# Seeking seductive dragoness



## Griffintaur (May 26, 2018)

Hello writers and RPers alike. In my 15 years of this hobby, only a marginal percent of RPs I've been apart of have been NSFW. Though the concept did interest me for the longest time. Today I'm exploring new territory and am pursuing a partner to assist with such. I'll be portraying my Tharraleos (ref below) who finds himself uncharacteristically entranced by an attractive stranger. I'd still prefer the interaction have some structure and buildup. Tharr is Asexual and seclusive in nature, but that doesn't mean he can't be swayed. Also as a side note; the species doesn't have to be so specific. Dragons are rather common and the title sounded good.

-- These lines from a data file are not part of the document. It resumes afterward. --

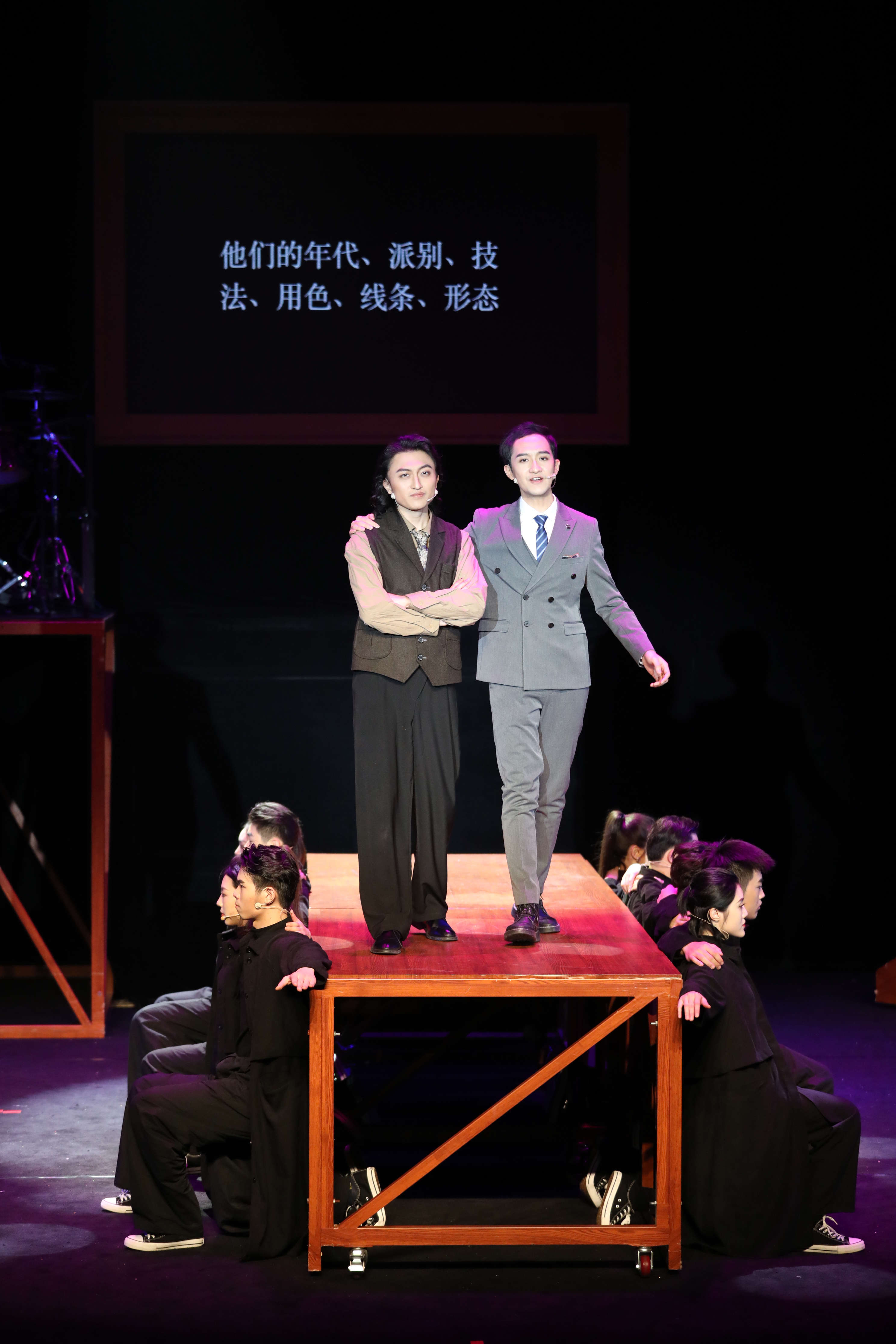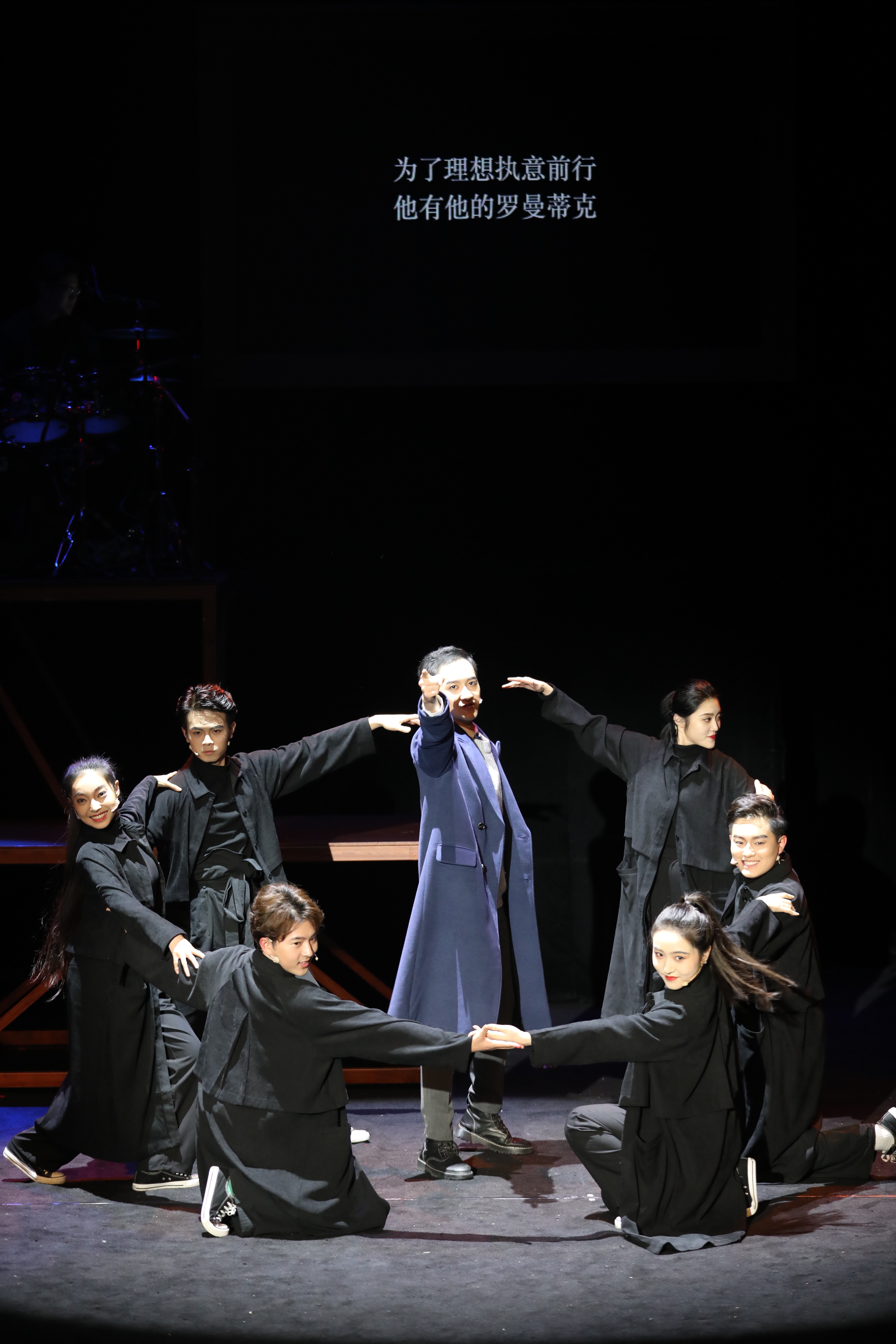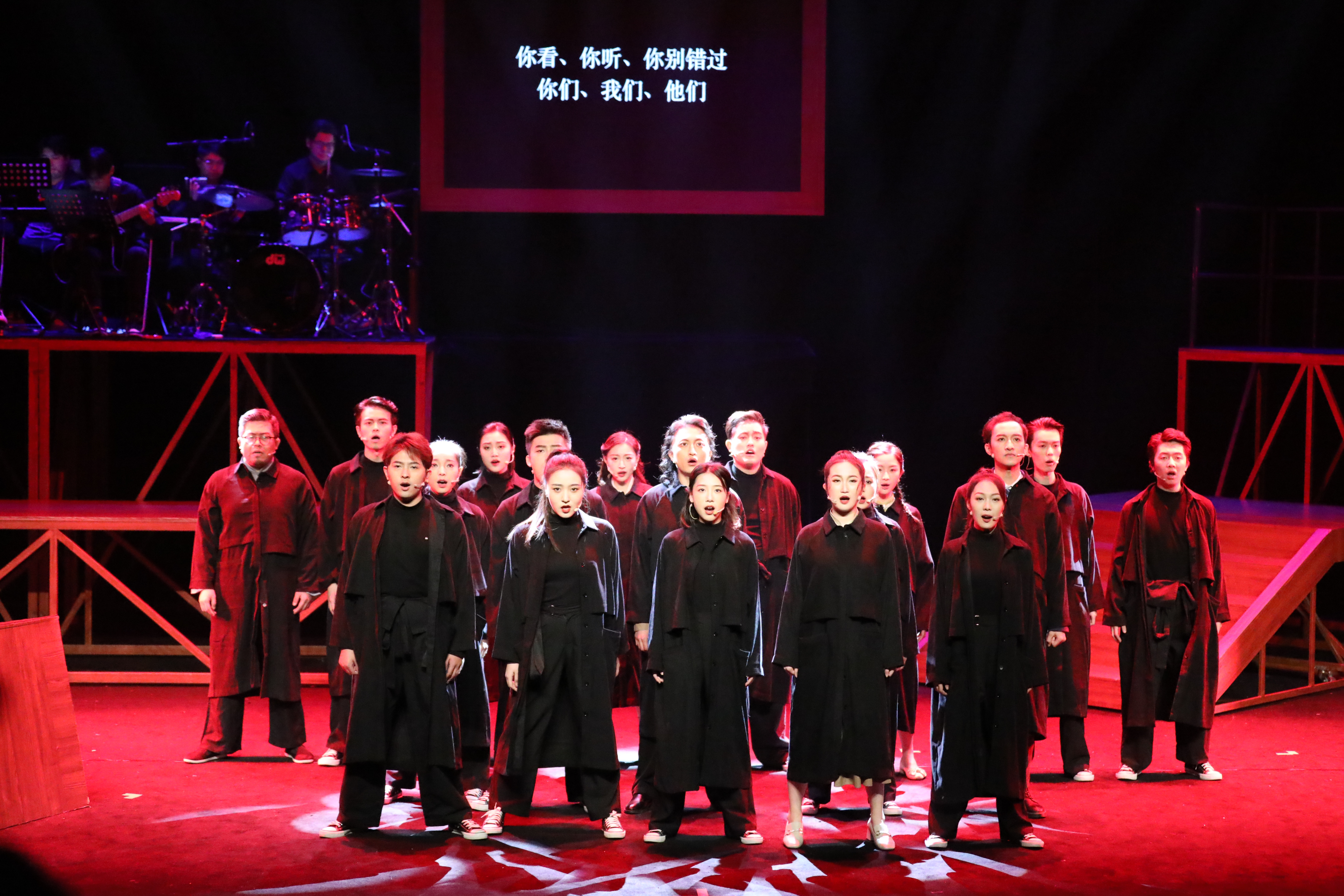 记者看到,音乐剧中的演员几乎都穿着黑色衣服,不停变换着角色,时而变身上海街头的市民,时而变身学校里行走的学生。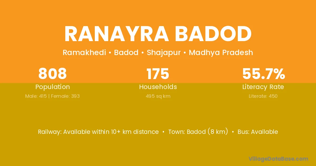 Badod (8 km) is the nearest town to Ranayra Badod village for major economic activities and is located approximately 8 km away.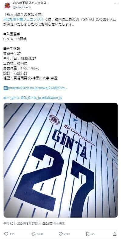 GINTAさんの入団を知らせた球団のX投稿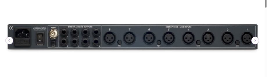 18 ulaza, 18 izlaza, 8 mikrofonskih predpojačala. SPDIF in/out, ADAT in/out. S njom i ADAT Presonus Digimax D8, kao dodatnih 8 mikrofonskih pretpojačala. Znači 16 odličnih inputa sveukupno (mikrofonski/line in). Mogu vam poslati primjere što smo snimali na tu kombinaciju.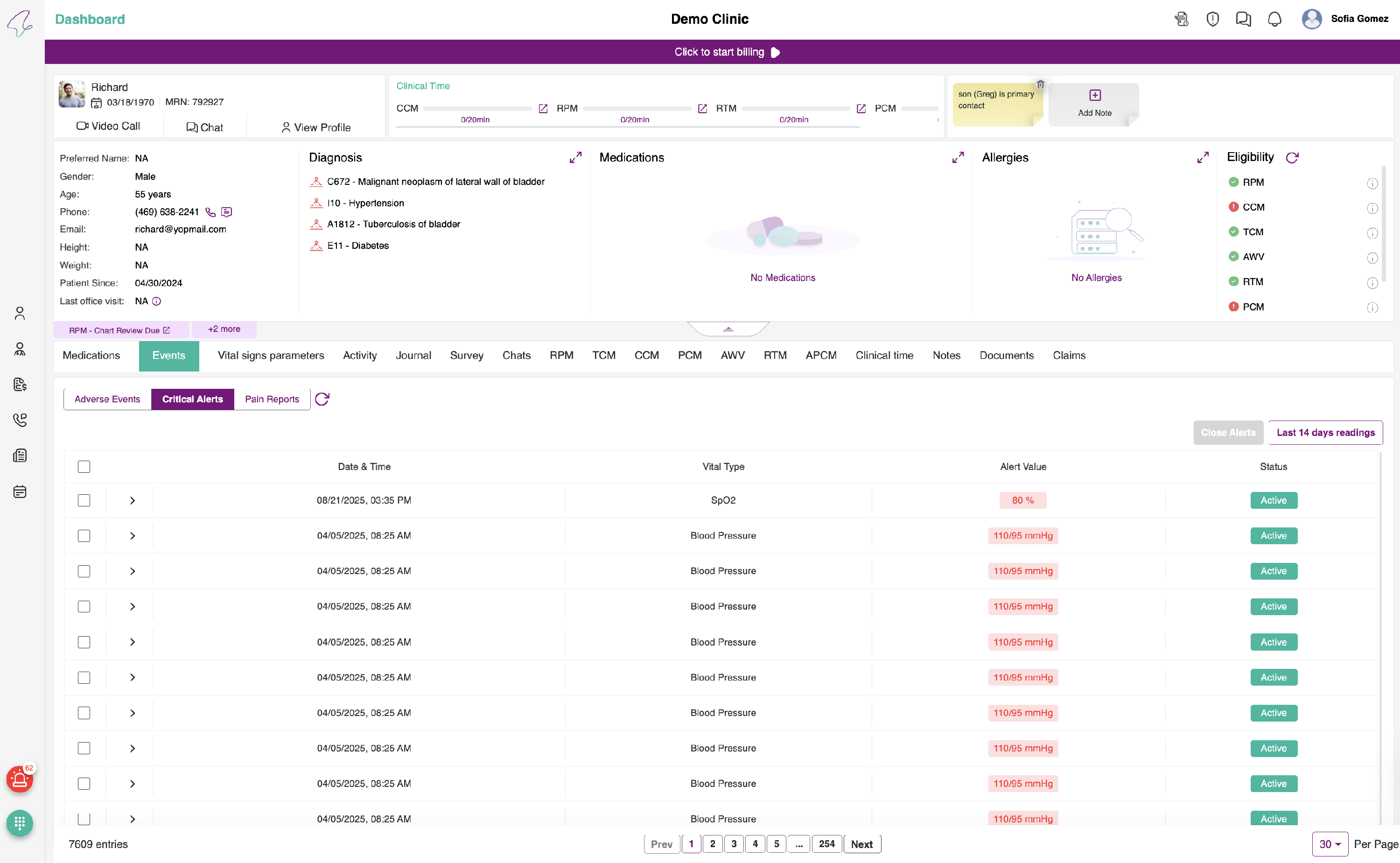 - So, whenever a patient takes the readings, those readings will be compared with the Min and Max values and if the value is not in range then the Critical Alert is raised and can bee viewed here.

Plus I seem to fancy interspecies interactions most times. That's all I can think of for now. Any further questions can be promptly answered. Thanks in advance for any and all inquires!


----------



## Griffintaur (Jun 1, 2018)

Bumping


----------



## Amynta (Jun 1, 2018)

Hey, I'm actually working on a female character, who would fit that request pretty well!
If you don't mind roleplaying with someone less experienced, I'd be available.


----------



## Griffintaur (Jun 1, 2018)

That's more than okay with me and I very much appreciate your inquiry. PM me any character details and let's get the ball rollin'. This should fare rather entertaining.


----------